帝国データバンク(TDB)が、2000年1月1日から25年6月末までを集計期間とした「飲食店」の倒産動向によると、25年上半期における負債1000万円以上の法的整理による倒産は458件となり、前年同期(435件)を上回り3年連続で増加するとともに、上半期としての過去最多を更新した。
25年上半期の飲食店の経営環境は、コロナ禍で受けたダメージからの回復途上にあるなかで、食材費や人件費など運営コストの増加が響き、収益確保のめどが立たなくなったケースが多かった。上半期の倒産全体の約1割にあたる50件は物価高に起因した倒産だった。

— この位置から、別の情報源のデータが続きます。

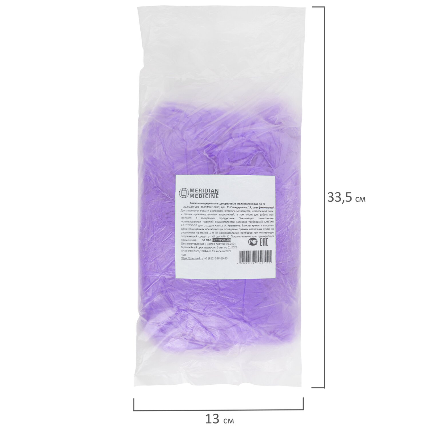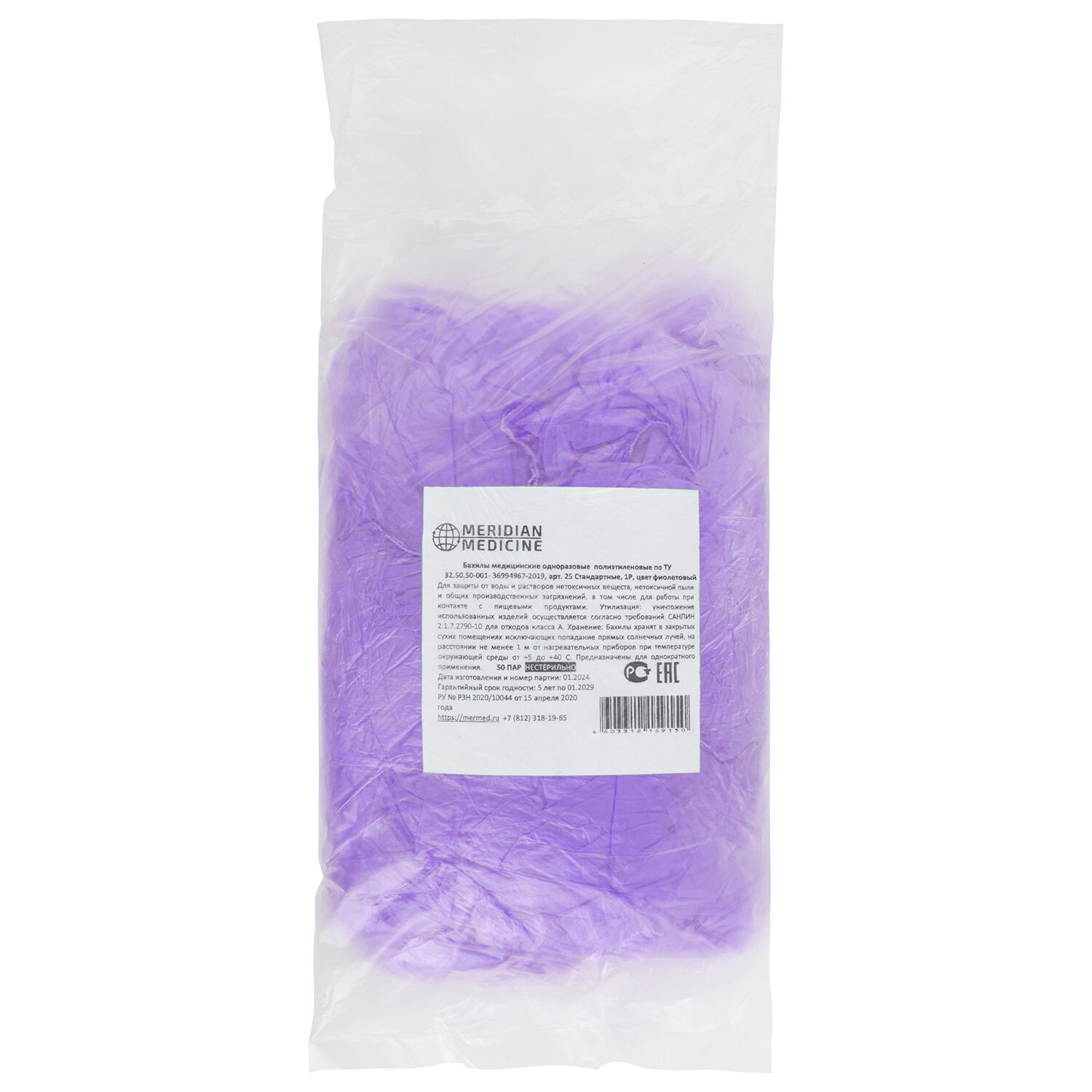 Бахилы MERIDIAN СТАНДАРТ 2,3 грамма, фиолетовые, КОМПЛЕКТ 100 штук (50 пар), 40х15 см

業態別では、居酒屋を主体とする「酒場・ビヤホール」の倒産が105件と最も多く、前年同期の112件からは減ったが23年以降は3年連続で100件以上と高水準で推移している。町中華やラーメン店や焼肉店やカレー店などが属する「中華・東洋料理店」は88件と前年同期の78件から増加して過去最多を記録。「日本料理店」は46件と前年同期の30件から大きく増え、初めて上半期として40件を超過した。経費削減による企業の接待需要縮小が響いた。日本料理店では若年層の取り込みを目指して価格訴求を図ったメニューなどの開発を進めているが、常連客が徐々に離れる状況にも見舞われた。
TDBでは今後も経費の高騰や賃上げなどで収益が圧迫され、中小・零細事業者を中心に倒産の増加が続く見通しとしたうえで、通年では初の900件に達する可能性があると指摘した。